**ABOUT THIS TASK:** From the material below, retype exactly the lines that begin at the line with "Pro zpěváka je" and end after the line with "应用化学专业见面会由应化系副"; pictures stay out of the copy.

**DATA EXTRACT:**
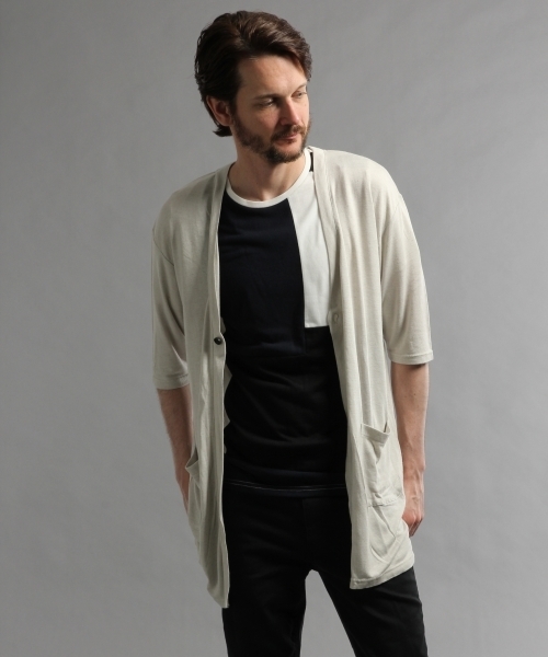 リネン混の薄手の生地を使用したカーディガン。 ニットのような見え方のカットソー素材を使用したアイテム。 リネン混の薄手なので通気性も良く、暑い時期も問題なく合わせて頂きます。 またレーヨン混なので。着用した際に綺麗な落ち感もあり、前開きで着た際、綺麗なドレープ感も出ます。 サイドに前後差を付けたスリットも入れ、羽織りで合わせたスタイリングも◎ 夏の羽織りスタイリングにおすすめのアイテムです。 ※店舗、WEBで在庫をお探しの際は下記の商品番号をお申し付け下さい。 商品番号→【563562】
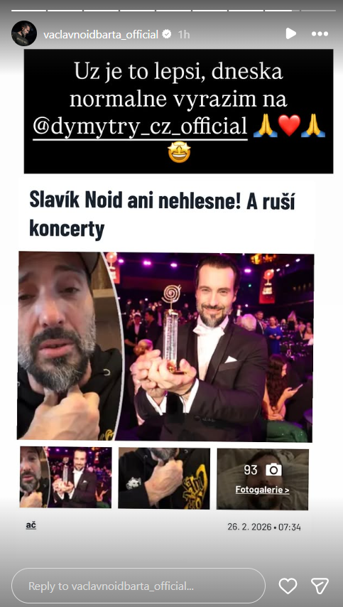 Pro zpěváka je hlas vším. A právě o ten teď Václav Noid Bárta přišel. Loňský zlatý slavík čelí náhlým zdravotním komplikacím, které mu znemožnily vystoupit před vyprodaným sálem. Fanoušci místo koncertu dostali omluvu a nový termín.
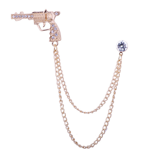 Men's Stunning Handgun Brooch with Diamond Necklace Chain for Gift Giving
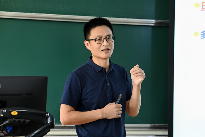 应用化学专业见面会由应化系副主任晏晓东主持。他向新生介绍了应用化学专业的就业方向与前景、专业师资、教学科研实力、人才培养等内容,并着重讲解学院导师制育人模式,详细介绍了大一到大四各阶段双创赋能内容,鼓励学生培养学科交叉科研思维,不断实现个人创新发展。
...
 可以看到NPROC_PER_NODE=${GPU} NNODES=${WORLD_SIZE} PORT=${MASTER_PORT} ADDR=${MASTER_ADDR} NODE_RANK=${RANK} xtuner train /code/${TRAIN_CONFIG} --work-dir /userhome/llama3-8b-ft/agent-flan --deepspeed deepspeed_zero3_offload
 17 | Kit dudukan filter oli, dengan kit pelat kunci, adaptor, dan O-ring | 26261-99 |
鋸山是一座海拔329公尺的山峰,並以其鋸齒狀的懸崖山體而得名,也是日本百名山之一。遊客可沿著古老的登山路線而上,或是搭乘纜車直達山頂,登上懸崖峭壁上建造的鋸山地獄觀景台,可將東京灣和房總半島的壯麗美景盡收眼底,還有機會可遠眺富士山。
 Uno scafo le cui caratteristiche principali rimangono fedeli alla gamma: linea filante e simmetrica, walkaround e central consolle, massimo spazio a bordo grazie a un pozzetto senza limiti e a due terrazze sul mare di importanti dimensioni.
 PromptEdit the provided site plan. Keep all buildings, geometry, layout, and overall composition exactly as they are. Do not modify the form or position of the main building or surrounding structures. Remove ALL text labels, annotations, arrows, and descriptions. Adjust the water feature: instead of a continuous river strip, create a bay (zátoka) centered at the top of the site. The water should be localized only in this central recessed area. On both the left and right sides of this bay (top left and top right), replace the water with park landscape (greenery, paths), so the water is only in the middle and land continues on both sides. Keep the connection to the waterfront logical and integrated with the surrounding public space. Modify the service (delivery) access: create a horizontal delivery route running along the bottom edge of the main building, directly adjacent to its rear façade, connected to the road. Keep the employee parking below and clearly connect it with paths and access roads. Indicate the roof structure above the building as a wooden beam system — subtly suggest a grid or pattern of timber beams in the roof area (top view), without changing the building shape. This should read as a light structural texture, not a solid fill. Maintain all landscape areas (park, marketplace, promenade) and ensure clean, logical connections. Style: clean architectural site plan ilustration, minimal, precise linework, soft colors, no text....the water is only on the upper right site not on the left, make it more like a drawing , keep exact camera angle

**ANSWER TO THIS EXERCISE:**
 Pro zpěváka je hlas vším. A právě o ten teď Václav Noid Bárta přišel. Loňský zlatý slavík čelí náhlým zdravotním komplikacím, které mu znemožnily vystoupit před vyprodaným sálem. Fanoušci místo koncertu dostali omluvu a nový termín.
 Men's Stunning Handgun Brooch with Diamond Necklace Chain for Gift Giving
 应用化学专业见面会由应化系副主任晏晓东主持。他向新生介绍了应用化学专业的就业方向与前景、专业师资、教学科研实力、人才培养等内容,并着重讲解学院导师制育人模式,详细介绍了大一到大四各阶段双创赋能内容,鼓励学生培养学科交叉科研思维,不断实现个人创新发展。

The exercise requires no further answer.